===== SOURCE INFORMATION =====

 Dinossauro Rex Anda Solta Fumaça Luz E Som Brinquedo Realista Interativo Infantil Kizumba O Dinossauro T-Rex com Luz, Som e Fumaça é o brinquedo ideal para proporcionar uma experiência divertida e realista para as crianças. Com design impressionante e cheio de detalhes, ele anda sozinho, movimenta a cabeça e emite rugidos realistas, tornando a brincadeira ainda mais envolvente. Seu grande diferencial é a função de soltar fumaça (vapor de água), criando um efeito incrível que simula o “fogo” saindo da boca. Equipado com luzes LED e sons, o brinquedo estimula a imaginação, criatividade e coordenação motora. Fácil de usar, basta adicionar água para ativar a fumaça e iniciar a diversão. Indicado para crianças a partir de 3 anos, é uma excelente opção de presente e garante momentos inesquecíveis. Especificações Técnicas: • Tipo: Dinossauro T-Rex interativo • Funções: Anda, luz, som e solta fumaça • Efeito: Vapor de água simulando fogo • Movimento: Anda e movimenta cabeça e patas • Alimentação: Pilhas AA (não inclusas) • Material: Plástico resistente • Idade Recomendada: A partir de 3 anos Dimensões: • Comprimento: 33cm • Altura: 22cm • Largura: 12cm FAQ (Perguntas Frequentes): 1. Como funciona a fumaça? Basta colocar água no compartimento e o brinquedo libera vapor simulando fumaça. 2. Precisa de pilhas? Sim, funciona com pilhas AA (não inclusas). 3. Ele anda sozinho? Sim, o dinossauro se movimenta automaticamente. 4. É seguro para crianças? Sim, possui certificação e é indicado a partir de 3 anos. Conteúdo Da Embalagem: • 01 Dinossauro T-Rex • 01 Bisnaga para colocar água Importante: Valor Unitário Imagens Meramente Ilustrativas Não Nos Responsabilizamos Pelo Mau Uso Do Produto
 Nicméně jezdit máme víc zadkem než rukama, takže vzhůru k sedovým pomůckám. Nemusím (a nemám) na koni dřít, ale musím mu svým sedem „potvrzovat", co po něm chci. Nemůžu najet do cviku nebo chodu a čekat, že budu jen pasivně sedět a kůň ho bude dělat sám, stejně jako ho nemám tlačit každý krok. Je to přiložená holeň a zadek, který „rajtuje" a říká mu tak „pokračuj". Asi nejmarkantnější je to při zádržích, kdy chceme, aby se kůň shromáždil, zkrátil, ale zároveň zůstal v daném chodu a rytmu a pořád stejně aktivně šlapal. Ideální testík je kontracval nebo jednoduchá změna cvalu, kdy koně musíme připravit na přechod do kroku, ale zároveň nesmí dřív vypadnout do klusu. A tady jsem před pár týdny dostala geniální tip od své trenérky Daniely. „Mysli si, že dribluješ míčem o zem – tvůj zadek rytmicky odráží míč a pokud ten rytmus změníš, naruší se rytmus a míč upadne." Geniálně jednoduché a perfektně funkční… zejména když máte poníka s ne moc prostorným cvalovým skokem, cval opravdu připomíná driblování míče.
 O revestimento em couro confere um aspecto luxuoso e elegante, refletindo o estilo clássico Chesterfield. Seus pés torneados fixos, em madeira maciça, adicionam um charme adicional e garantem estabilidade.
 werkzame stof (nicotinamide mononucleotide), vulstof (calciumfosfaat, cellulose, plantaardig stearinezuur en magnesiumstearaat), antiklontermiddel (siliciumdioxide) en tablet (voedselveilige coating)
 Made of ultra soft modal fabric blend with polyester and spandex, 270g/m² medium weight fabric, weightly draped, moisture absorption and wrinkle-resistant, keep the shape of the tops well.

=====
===== SOURCE INFORMATION =====

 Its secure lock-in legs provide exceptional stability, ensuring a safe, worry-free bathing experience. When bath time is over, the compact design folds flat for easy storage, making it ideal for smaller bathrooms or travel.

=====
===== SOURCE INFORMATION =====

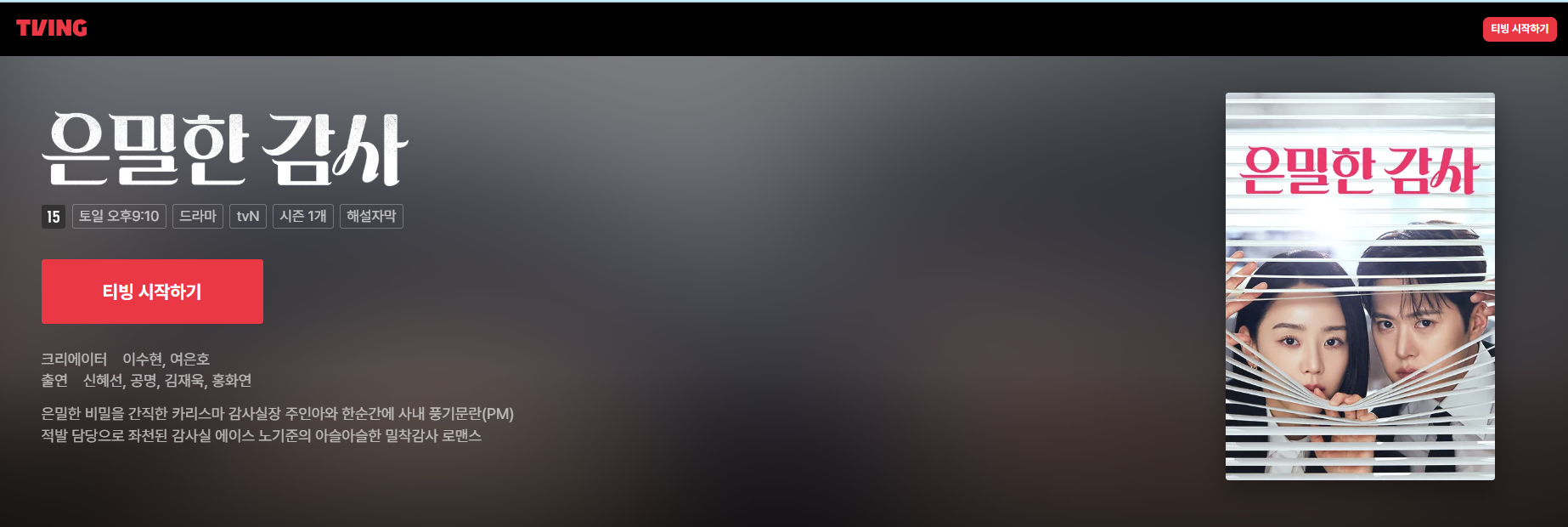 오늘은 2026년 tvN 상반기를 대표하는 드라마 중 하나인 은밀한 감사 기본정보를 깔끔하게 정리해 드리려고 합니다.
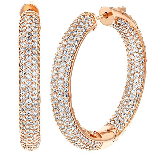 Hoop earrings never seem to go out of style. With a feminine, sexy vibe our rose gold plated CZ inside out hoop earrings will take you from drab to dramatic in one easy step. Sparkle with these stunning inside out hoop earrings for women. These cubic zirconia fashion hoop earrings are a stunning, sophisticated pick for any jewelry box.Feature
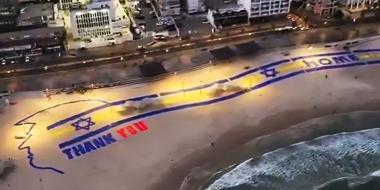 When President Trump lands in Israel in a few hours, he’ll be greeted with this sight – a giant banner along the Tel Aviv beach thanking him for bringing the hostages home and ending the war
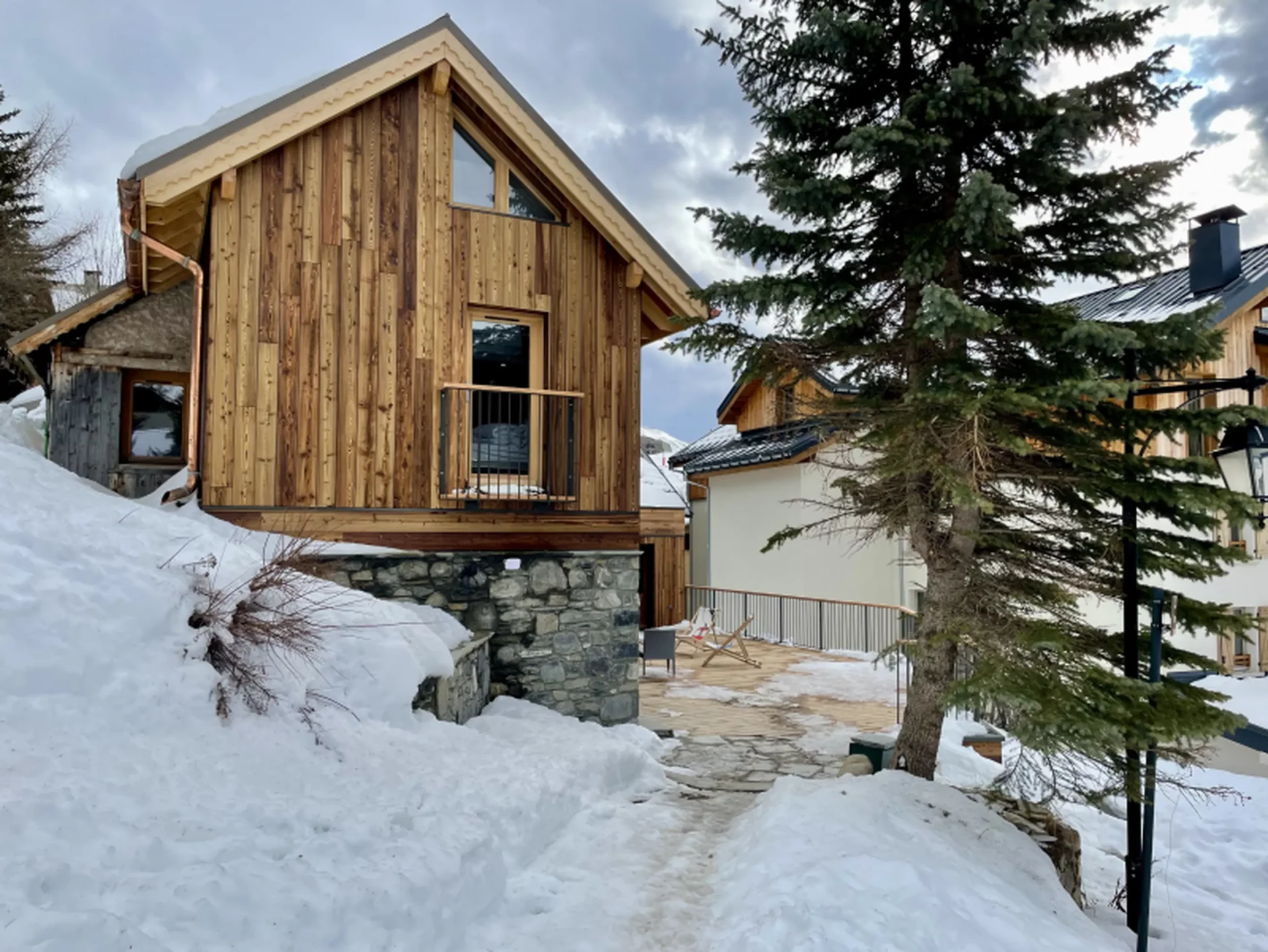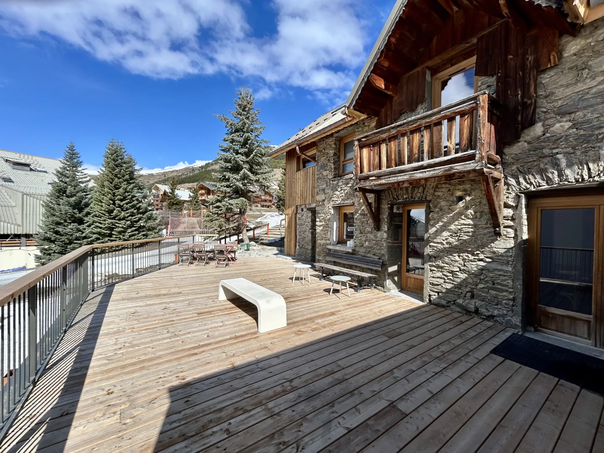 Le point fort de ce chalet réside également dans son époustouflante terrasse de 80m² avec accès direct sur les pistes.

=====

DIRECTIONS
Give back exactly the lines of the listing above from the one that contains "When President Trump" up to and including the one that contains "Le point fort", but not the pictures, and no other lines.

TASK RESULT
 When President Trump lands in Israel in a few hours, he’ll be greeted with this sight – a giant banner along the Tel Aviv beach thanking him for bringing the hostages home and ending the war
 Le point fort de ce chalet réside également dans son époustouflante terrasse de 80m² avec accès direct sur les pistes.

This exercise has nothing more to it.